Gestión de la basura

  • Separar las diferentes fracciones de residuos (orgánicos, plásticos y envases, vidrio, papel y cartón) y disponerlos correctamente en los contenedores.
  • Reducir al máximo el plástico que se tira a la basura, ya que tarda mucho en degradarse.
  • Procurar minimizar el uso de papel de aluminio para envolver alimentos. La fabricación de aluminio es uno de los procesos industriales con mayor consumo de energía.
  • Elegir siempre un envase de vidrio frente a uno de plástico.
  • Solicitar información en el ayuntamiento sobre los servicios de recogida de pilas, aceites usados o medicamentos. Son materiales tóxicos que no deben arrojarse a la basura.

Climatización responsable

  • En invierno una temperatura de entre 19º C y 21º C es suficiente para muchas personas y permite un ahorro energético importante, ya que cada grado que subimos la temperatura el consumo de energía se incrementa en un 7% aproximadamente.
  • Un mantenimiento adecuado de calderas y radiadores permite un ahorro importante de energía (cercano al 15% en el caso de las calderas individuales).

Ahorro de agua

  • En la ducha se consume aproximadamente una cuarta parte del agua y energía que se necesita para un baño.
  • Así reducimos el consumo de agua: cerrando el grifo cuando no es estrictamente necesario, reparando las fugas de grifos y cisternas, utilizando cabezales de ducha de bajo consumo o reductores de caudal.
  • Bañarse con agua tibia (entre 29° C y 37° C) es agradable y, además de no causar daños a la piel, permite ahorrar energía.
  • Se puede ahorrar gran cantidad de agua en el inodoro utilizando en la cisterna los sistemas de doble pulsador o de descarga parcial.
  • Existen relojes programadores para los termos eléctricos que limitan su funcionamiento a los momentos en los que se necesita agua caliente, lo que permite ahorrar la energía del resto de tiempo de funcionamiento innecesario.

 

Siempre que te sea posible, desplázate dentro de tu municipio a pie o en bicicleta. Estarás mejorando tu salud y contribuyendo notablemente a la reducción de gases de efecto invernadero. Además, en muchas localidades no necesitarás tener tu propia bici, pues existen servicios municipales de alquiler o préstamo de bicicletas.

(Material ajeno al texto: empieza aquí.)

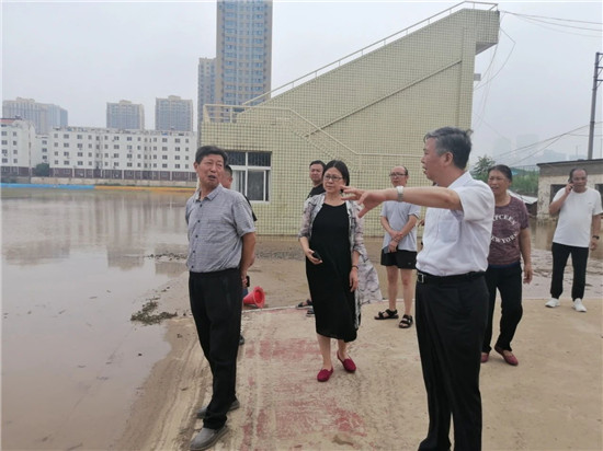 7月21日下午,鄭州工程技術學院黨委書記周春輝、校長盧奎,黨委副書記、工會主席蘇煒現(xiàn)場查看該校英才、金河校區(qū)防汛情況。
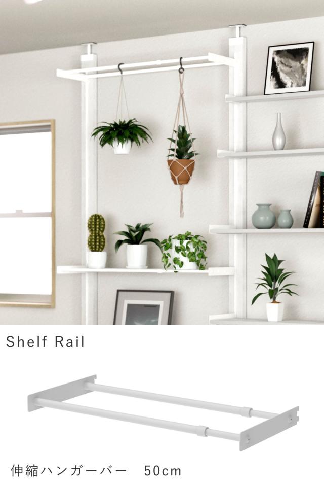 別売りのレールと、棚受や伸縮ラック、伸縮ハンガーを組み合わせて、自分好みの収納棚が作れます。さらに「ラブリコ」シリーズと組み合わせることによって、壁を大きく傷付けることなく大型の収納棚を設置でき、物が多いお家もスッキリ片付きます。
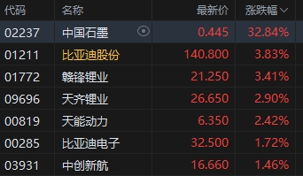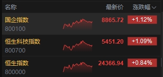 6月11日消息,港股三大指數(shù)震蕩走高。截至收盤(pán),恒生指數(shù)(24366.941, 204.07, 0.84%)漲0.84%,報(bào)24366.94點(diǎn),恒生科技指數(shù)(5451.2, 59.01, 1.09%)漲1.09%,國(guó)企指數(shù)漲1.07%。盤(pán)面上,科網(wǎng)股普漲,嗶哩嗶哩漲近10%,網(wǎng)易漲超2%,阿里巴巴、京東集團(tuán)、聯(lián)想集團(tuán)(9.35, 0.15, 1.63%)、小米集團(tuán)、快手漲超1%;中資券商股全線上揚(yáng),廣發(fā)證券(12.74, 0.74, 6.17%)漲超6%;稀土概念大漲,中國(guó)稀土(0.91, 0.14, 18.18%)漲超18%;汽車、鋰電池股走強(qiáng),中國(guó)石墨(0.445, 0.11, 32.84%)大漲超32%,比亞迪漲近4%;泡泡瑪特(269.8, 11.00, 4.25%)漲超4%。
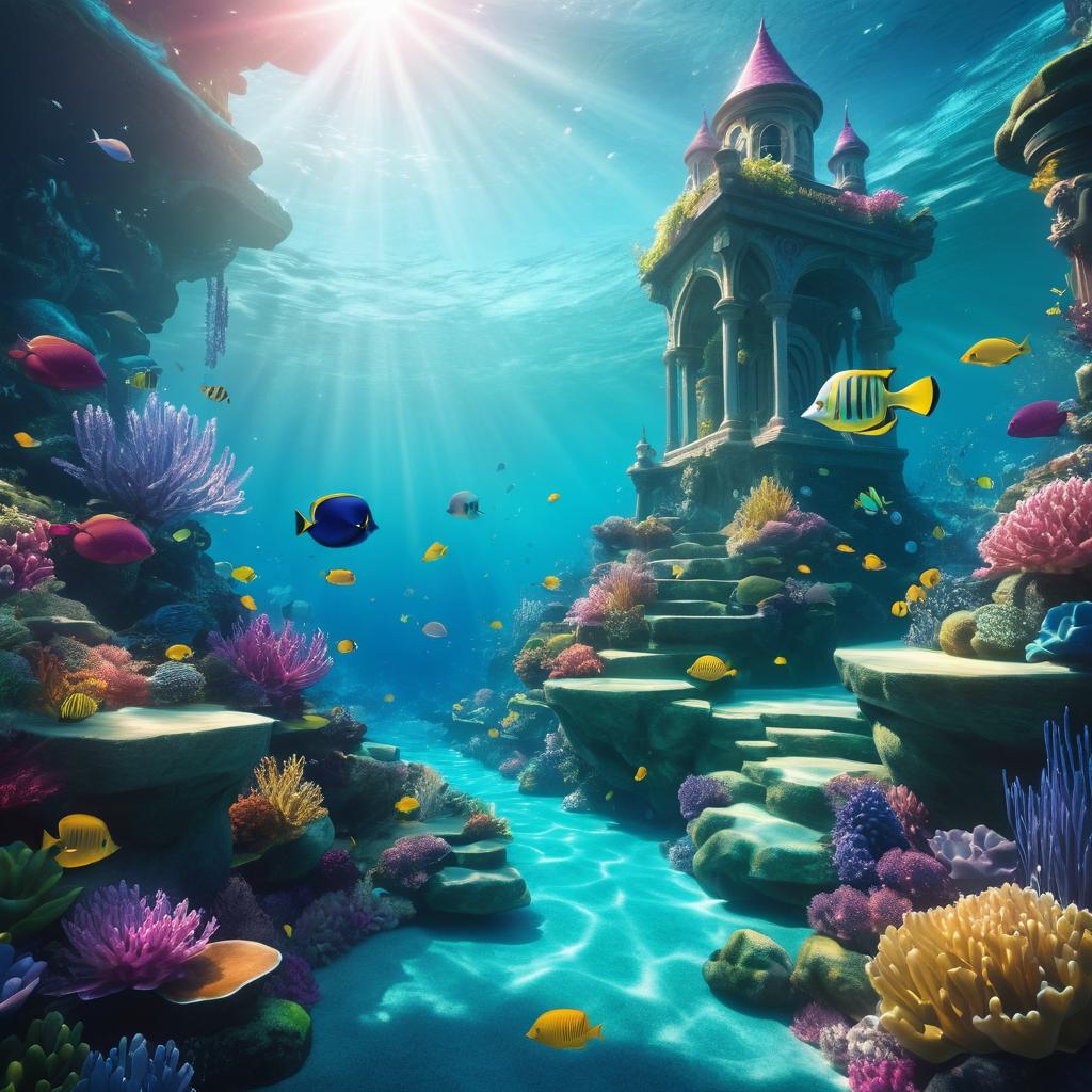 A fantastical underwater scene featuring a majestic castle surrounded by vibrant coral reefs and colorful tropical fish. Sunlight filters through the water, illuminating the diverse marine life and rocky formations supporting the structure. The image depicts a magical underwater kingdom with detailed aquatic vegetation and a variety of fish species.
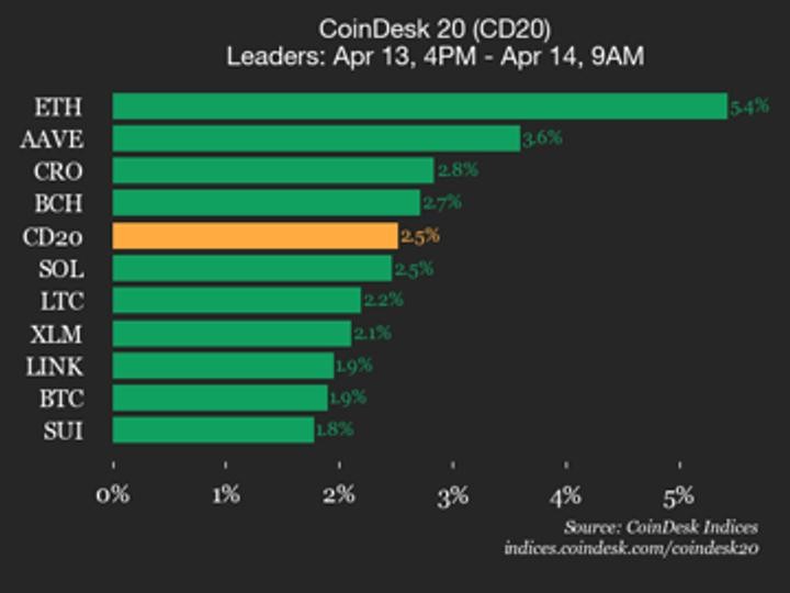 CoinDesk 20 performance update: Ethereum (ETH) price rises 5.4%
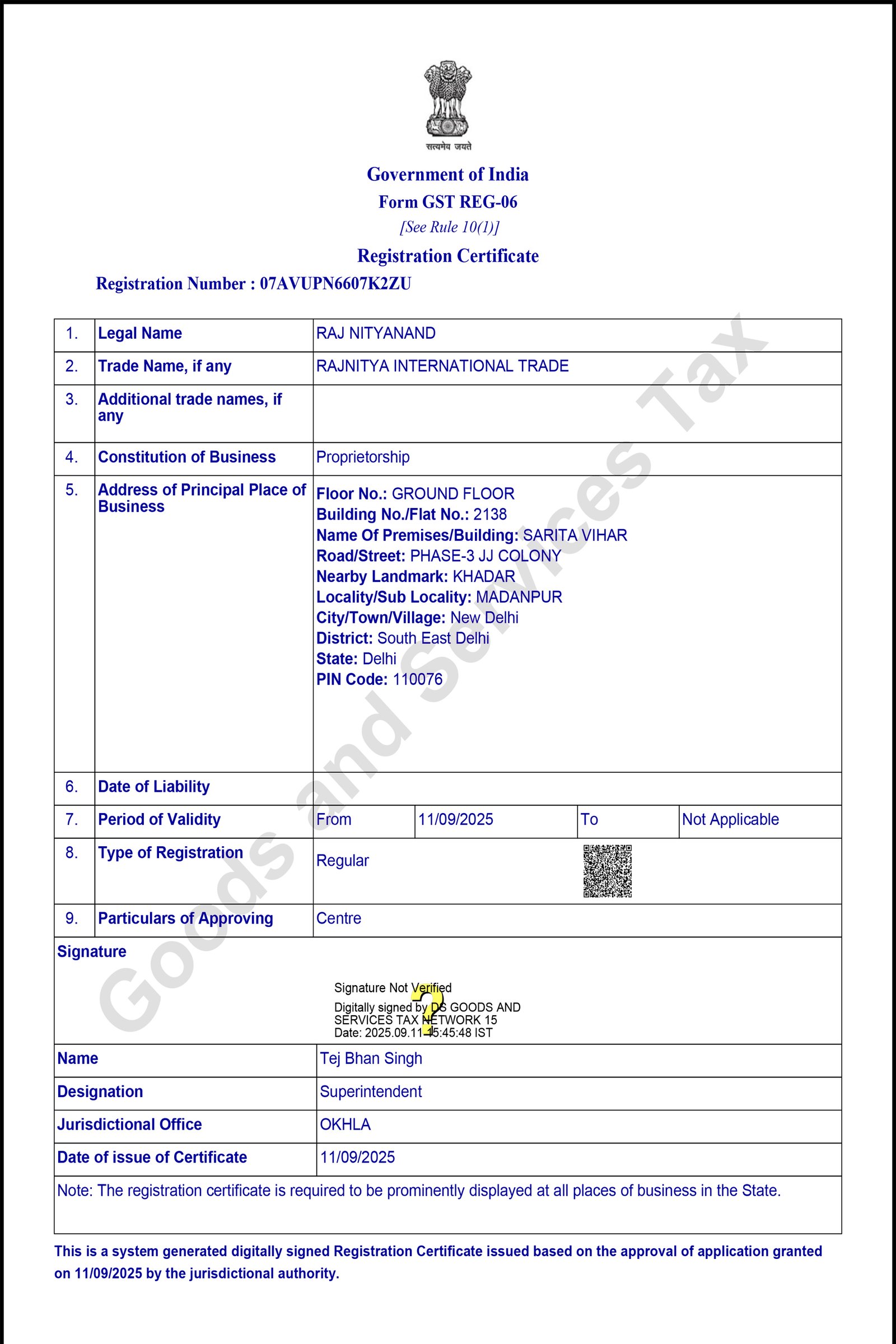 Madanpur, South East Delhi, Delhi 110076.
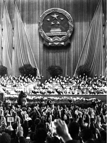 ▲1982年12月4日,北京人民大会堂,出席五届全国人大五次会议的代表们举手表决通过中华人民共和国新宪法。
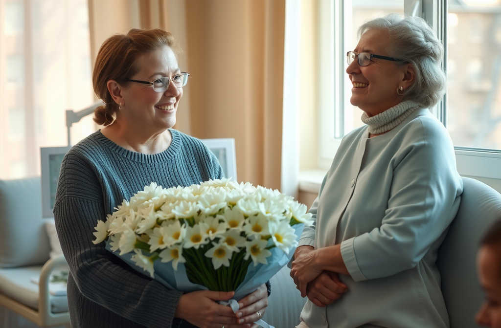 Hello! How are you? Im Victoria, your neighbour. Youve got a bit of a concussion, but the doctor said youll be fine. A courier dropped something off for you, and a young man with some flowers stopped by too. Victoria smiled warmly.
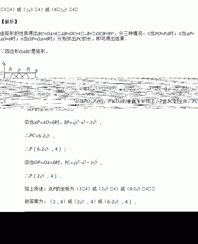 如图,在平面直角坐标系中,矩形OABC的顶点A、C的坐标分别为(6,0)、(0,4),点P是线段BC上的动点,当△OPA是等腰三角形时,则P点的坐标是_____.
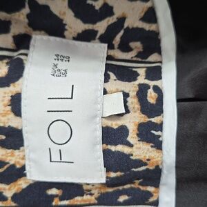 This is a FOIL brand women's blazer, size 10 featuring a brown and black leopard print with vertical white stripes. It has a double-breasted front closure with two black buttons and a notched lapel collar. The blazer includes two visible front flap pockets and a black interior lining. No significant imperfections or signs of wear are visible.
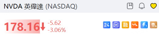 英伟达股价早盘下跌 3.06%,至 178.16 美元。

Si las distancias son muy largas o no puedes desplazarte en bici o a pie, utiliza el transporte público, que es la forma más sostenible de movilidad para grandes desplazamientos. Y si por tus horarios o necesidades específicas tienes que utilizar tu vehículo privado, plantéate la opción de compartir coche. Estarás ahorrando dinero, contribuirás a que nuestros municipios no se llenen de coches y demostrarás tu compromiso contra el cambio climático.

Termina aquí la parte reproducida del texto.